The first weeks of U.S. bombing in Afghanistan unfolded high-tech warfare in a wildly uneven battle against Taliban and Islamic forces with ancient munitions, a first world military against a fourth world one that still used horse-back troops and revered swords. Old-fashioned B-52’s saturated large areas with explosive munitions while winged B-2 Bombers aloft for days flew from the U.S. to drop bombs directed by Global Positioning System Satellites often with mixed results. With its 172-foot wingspan, these giant flying birds deployed Joint Direct Attack Munitions (J-DAM) to fire a wide array of weapons. Heavy AC-130 gunships armed with howitzers, cannon, and machine guns blasted supposed Taliban and Al Qaeda camps and material, while land-based F-15Es bombed enemy positions, with giant fuel-air explosive “bunker bombs” used to blow up munitions dumps and possible mountain and tunnel hide-outs.

Military theoreticians described the conflict as “asymmetrical” since the Taliban had no sophisticated weaponry or modern military organization. While the U.S. military claimed that it was destroying Taliban “command and control” centers, there was in reality no command or control, at least in the sense normally defined by the contemporary military. Videos showed daily in U.S. military briefings depicted U.S. bombs hitting obscure buildings or vehicles, but it wasn’t clear that these were really military targets, or that the Taliban had a military force in the conventional sense.
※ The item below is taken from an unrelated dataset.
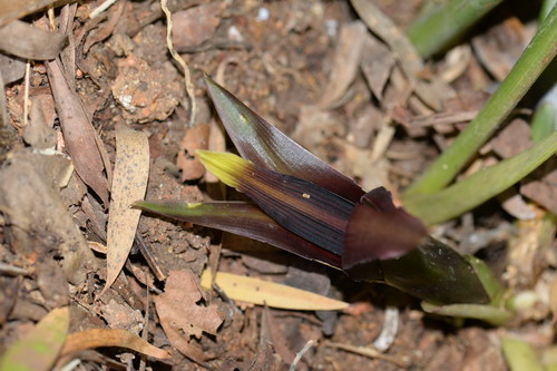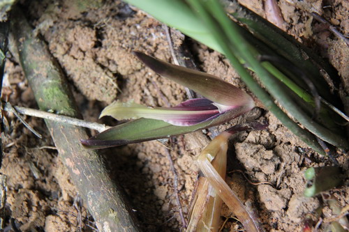兰花蕉的花生于靠近地面的地方,颜色是不太鲜艳的黑紫色,这主要是因为它特殊的传粉机制造成的。兰花蕉的花在开放期间散发一种特殊的气味,有研究报道,分泌特殊气味的气味腺散布在花的整个唇瓣上。而兰花蕉散发的特殊气味会吸引它的传粉者蜣螂(俗称屎壳郎)来为它传粉。如果有人闻过兰花蕉的味道,一定就会深深地理解传粉者为什么会是蜣螂,别说我怎么知道的,这种事我会乱说吗?兰花蕉科植物缺乏蜜腺,只提供这种很强烈的气味来吸引蜣螂,但蜣螂并未得到实质性的传粉奖励,是一种欺骗性传粉。兰花蕉很聪明对不对?

Moreover, while during the first weeks of bombing, the U.S. bombing had destroyed many seemingly military targets on the ground in Afghanistan, it had also hit many civilian facilities, including Red Cross facilities and a UN supplies depot, generating many pictures of wounded or murdered Afghan children, and destroyed civilian houses. Such pictures circulated daily throughout the world, and were turning public opinion against the U.S. intervention, especially in the Islamic world where large anti-war demonstrations were a regular feature of everyday life and threats against the U.S. escalated. A flood of refugees was producing heart-breaking images of people fleeing war and facing disease and starvation. Aid agencies continued to plea for a bombing halt so that food could be delivered to refugees, yet the bombing continued unabated into a third and then a fourth and fifth weeks.
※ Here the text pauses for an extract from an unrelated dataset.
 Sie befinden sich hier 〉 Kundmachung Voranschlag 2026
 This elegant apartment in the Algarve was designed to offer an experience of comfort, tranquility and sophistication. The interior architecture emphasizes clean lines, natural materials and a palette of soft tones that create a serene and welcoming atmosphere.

In late October 2001, there were reports of helicopter assaults on Taliban positions, Special Ops forces landing seeking Taliban and al Qaeda forces, and the beginning of a longer, more complex campaign. There was much speculation that this was the beginning of a ground war in which U.S. troops would rout the Taliban. U.S. ground forces never intervened, however, and although the Taliban regime collapsed, Osama Bin Laden and major Al Qaeda and Taliban leaders escaped. Consequently, as of early 2002, the results of the U.S. military intervention are mixed at best, with Al Qaeda and Taliban leaders still at large, millions of refugees and war victims facing starvation, and Afghanistan in chaos.
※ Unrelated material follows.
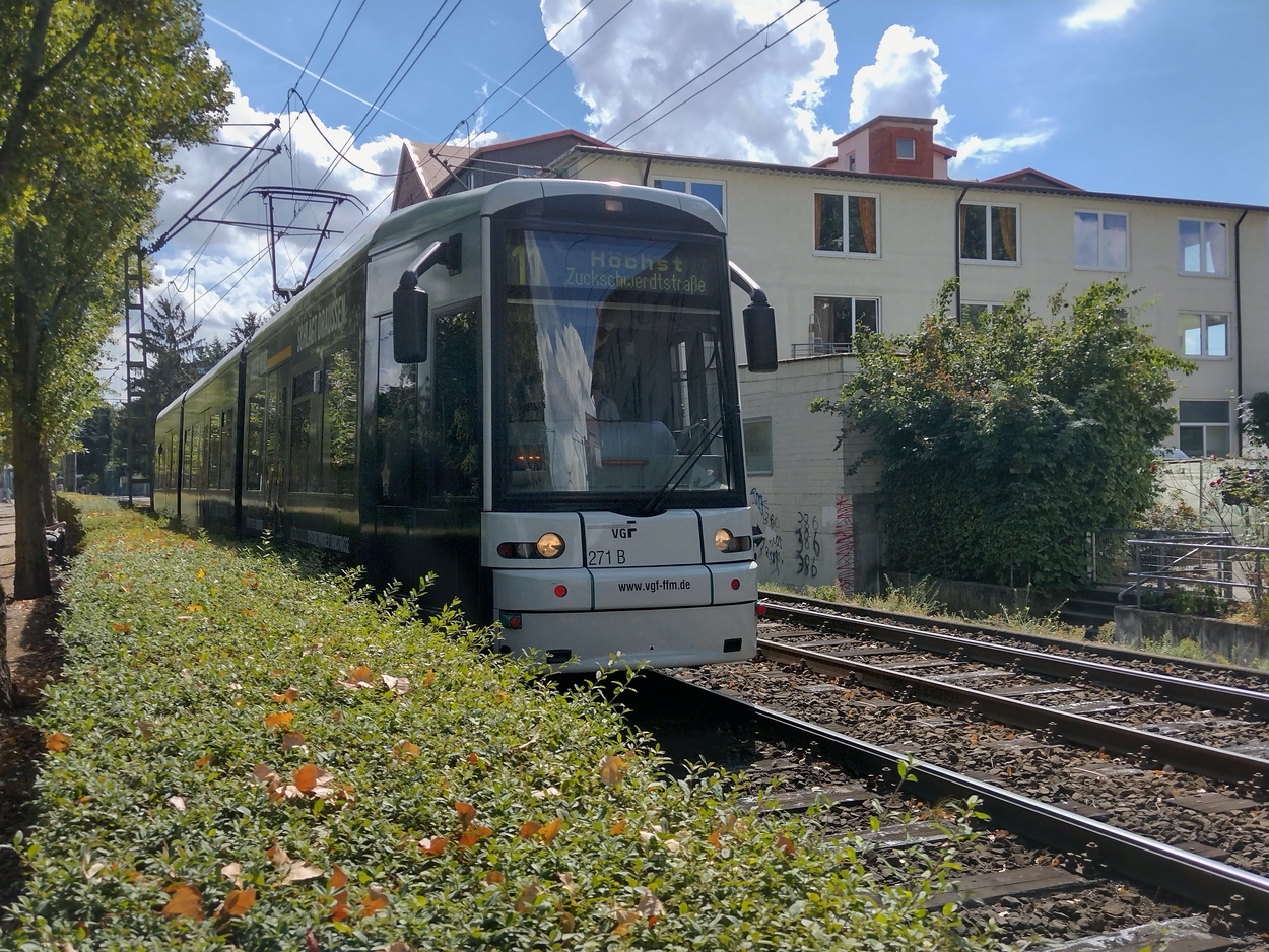 Gestern war ich entlang einer der schönsten Straßenbahnabschnitte in Frankfurt unterwegs: Am Mainufer in Fechenheim. Dort sind mir zwei Züge der Linie 11 begegnet.

In retrospect, the Afghanistan intervention represented a new step toward postmodern war. New armed unmanned aircraft like the RQ-1 Predators were reportedly in the field, armed with Hellfire antitank missiles, although reports emerged that bad weather was limiting their effectiveness and many were crashing. An even larger and longer-range unmanned surveillance aircraft armed with missiles, the RQ-4A Global Hawk, that could bring weapons from the U.S. to the other side of the world, was also reported to be in action. Afghanistan thus emerged as yet another testing ground for new weapons and strategies where humans would be replaced by machine satellite-guided planes, taking “postmodern war” and the “revolution in military affairs” to a higher level.